しかも、まだ小悪魔的なキャラ造形が出来てないため、本作品では男の部屋にひとりでは入らない、というぐらいの清純派!
ロカビリー歌謡映画のつくりも散りばめつつも、社会派ドラマとしてのまとめ方もソリッドで好感がもてるうえ、映画の背景に、60年代の横浜の風景も効果的に取り扱われているのも嬉しい。
ドリー撮影の山下公園のストリート、象の鼻突堤には灯台ジャック、マリンタワーや山手の洋館、そしてクリフサイド。

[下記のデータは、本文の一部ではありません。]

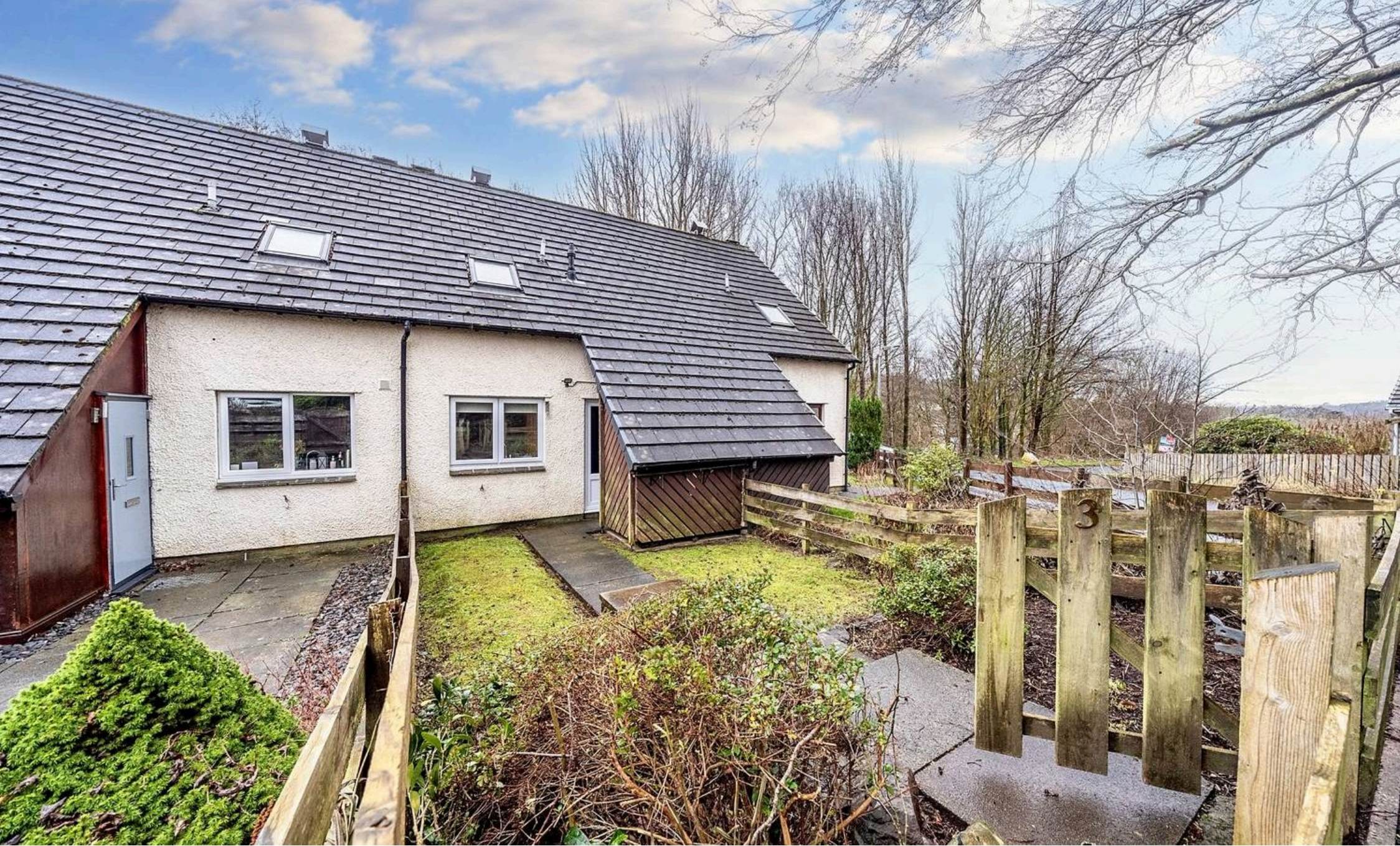
3 Droomer Lane, Windermere £230,000
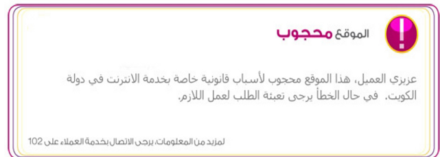
Figure 2: Example block page from Kuwait.
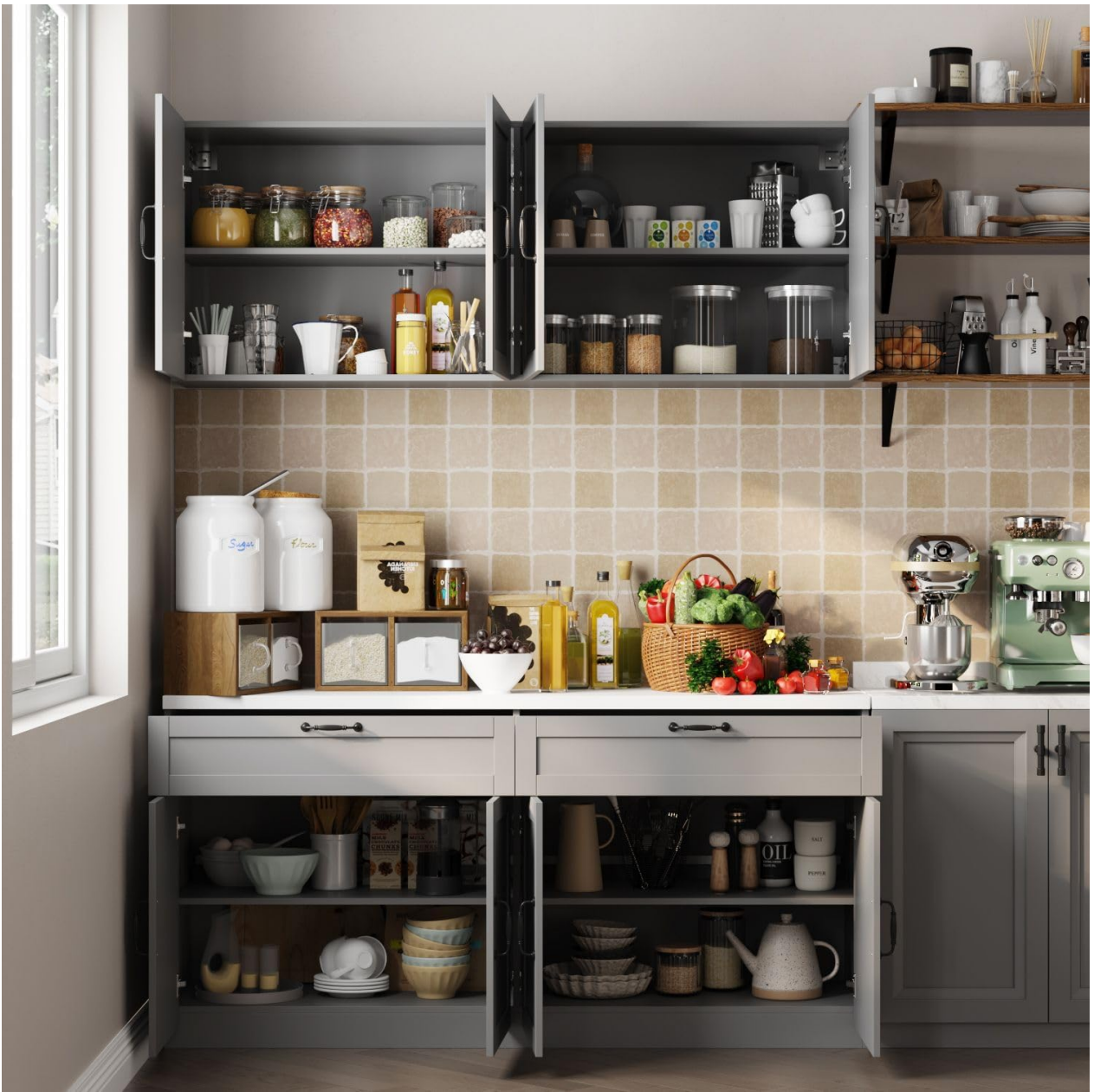
Figure 3: Interior view of the FAMAPY kitchen pantry cabinet with doors open, showing various kitchen items neatly stored on shelves and in drawers.
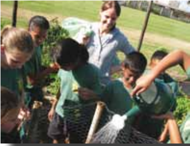
Isinyathelo 8 Amanzi.
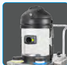
Vacuum cleaner with brush motors
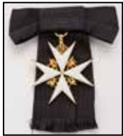
Dame of Justice
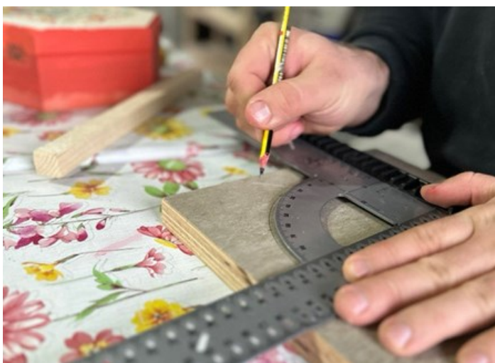
DECOUPAGE PRACTICE WITHIN CREATIVE WORKSHOPS FOR MIGRANTS IN TRC BORIĆI.

In coordination with the Technical Faculty of the University of Bihać, migrants active in TRC Lipa's creative zone had the opportunity to learn how to make hand-made scented candles. Individuals from Cuba, Burundi and Syria joined this workshop and created soaps of different colours, moulds and aromas with scents based on their countries of origins.
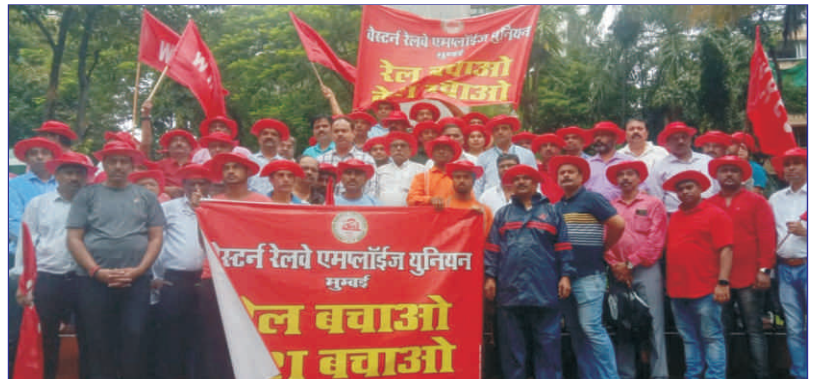
Leaders and activists of HMS Maharashtra and WREU at August Kranti Maidan on 9th August, 2022
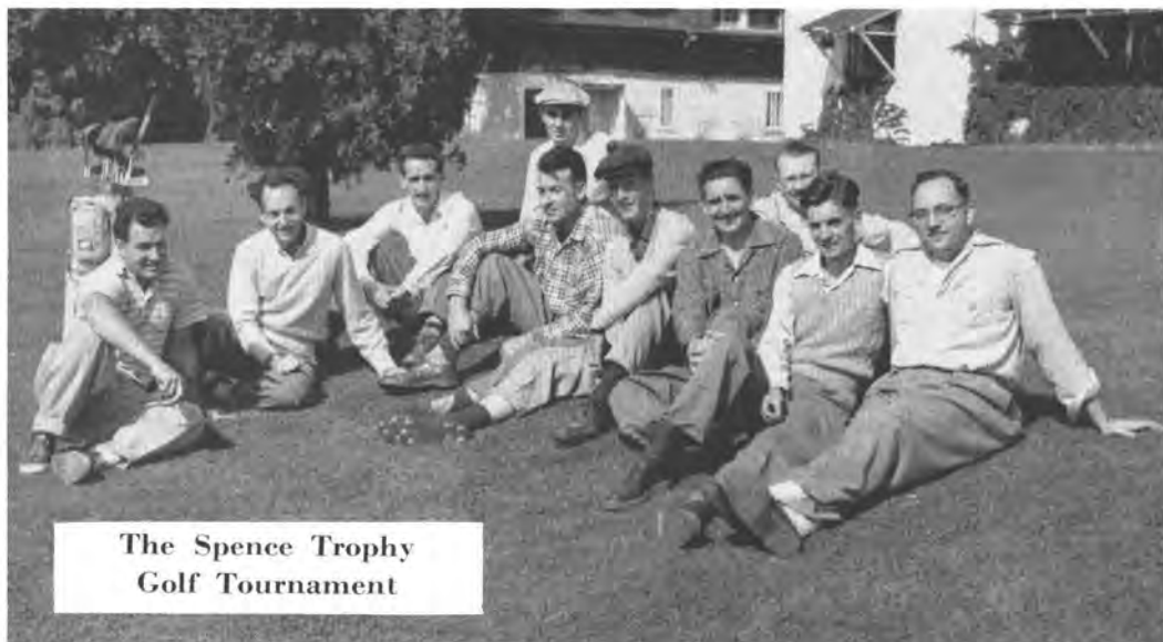
Some of the 75 golfers who took part in the tournament relax on the clubhouse lawn while waiting for the dinner hour
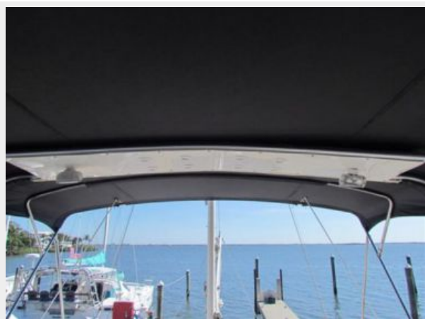
Flybridge Overhead Lighting
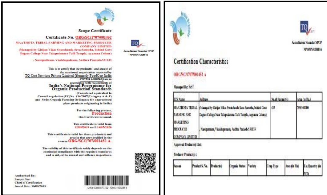
Fig. 15 Organic Certification Certificate issued by TQ Cert Services

皆、古き良きヨコハマの風景である。
脚本には、寺山修司の名前があるが、孤児の破滅の筋立てや、怪しい妖女 岸田今日子の役どころ、不具者や貧困の現状の一方でスポーツカーや客船の模型が主要なところで、隠喩のように表れる仕掛けなどは、寺山節といったところか。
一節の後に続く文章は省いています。